The IP address, on its own, should not considered PII.

There was a ruling in Breyer vs. Germany that IP addresses can be considered PII – in certain circumstances.

The case was brought against an ISP, and the court ruled that the company had enough correlating data at its disposal to make an IP address de facto PII for any of its customers. The court limited its ruling, saying that with just an IP address alone, the protections associated with the directive wouldn’t apply.


GDPR simply classifies "personal data" as any piece of information that can be used to identify an individual. A static IP used by one person could therefore be considered personal data while a public IP shared between thousands of people behind carrier-grade NAT would not.

The problem is that you can't tell the two apart and decide when it's safe handle the IP.


Indeed. My dynamically allocated public IPv4 address, given to me by my cable company, has been the same for as long as I've lived here, over four years now.

Ironically, my IPv6 prefix can change several times a day...


IP addresses IP addresses are never PII. PII means information about a person who can be identified. In that context, IP adresses are an identifier, not the information itself.

If you store IP adresses in your customer database, the information is that a person with that IP is one of your customers. This information is considered PII if it's possible to use the IP to identify the person the information is about, e.g. using a government database of everyone's IP address. If the data never reaches someone with access to such a database, it's not PII.

(This is a somewhat pendantic distinction, but it matters legally. Data protection law doesn't care about which identifiers are being used, but about the data associated with it and whether it tells you something about a specific identifiable person.)


I was under the impression that they did not store IP addresses, though I could be incorrect.

Their docs suggest as much https://docs.plausible.io/excluding/

"Most web analytics tools do this by excluding certain IP addresses from being counted. However, we do not store the visitors’ IP addresses in our database for privacy reasons"


We never store IP addresses in our database or logs. See the full details of our data policy: https://plausible.io/data-policy


GDPR doesn't care about storage.

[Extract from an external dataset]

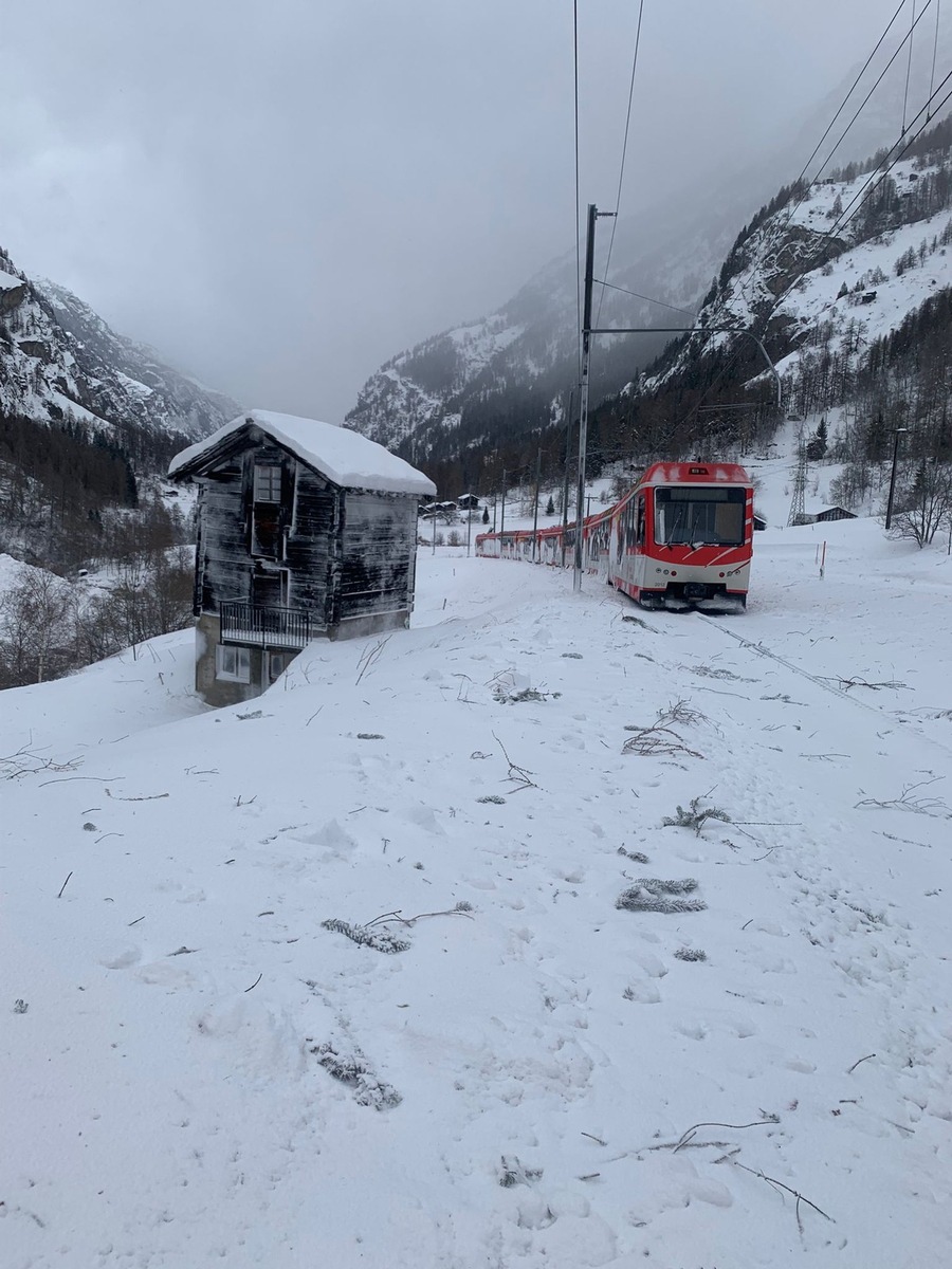 Vorsorglich hat die MGBahn in Absprache mit externen, lokalen Naturgefahrenspezialisten entschieden, den Betrieb auf der Strecke St. Niklaus–Täsch bis auf Weiteres einzustellen.

Even if you just acquired personal information without processing it, you still had to be GDPR compliant.

In fact, the solution suggested above (only using a truncated IP address) would still require you to acquire and process the IP address and thus be subject to GDPR.


Thanks for clearing this up. The general data points and metrics we store are not personal data.

IP address is the only piece of data that we touch that is considered PII under some regulations including GDPR.

The IP address is fully anonymized by hashing it together with a daily changing salt. Old salts are deleted to as to prevent re-identification: https://github.com/plausible/analytics/blob/master/lib/plaus...

According to GDPR Recital 26, anonymized data does not fall within the GDPR at all because data is no longer considered “personal data” following anonymization:

> The principles of data protection should therefore not apply to anonymous information, namely information which does not relate to an identified or identifiable natural person or to personal data rendered anonymous in such a manner that the data subject is not or no longer identifiable.


GDPR states “For data to be truly anonymised, the anonymisation must be irreversible”. So dropping 3 digits is clearly not enough to anonymize PII, it’s more pseudonymization.


How can an IP address without the last 3 digits possibly ever identify someone? That surface area is just way too large.


By using other information to narrow the pool of possible people.


Aren't the biggest corporations doing the same on orders of magnitude larger datasets? They get away very well with merging data from quite a few acquired companies.

If small companies are called upon compliance with such vehemence, the big ones who know so much of us should be brought up, at least 100x times more.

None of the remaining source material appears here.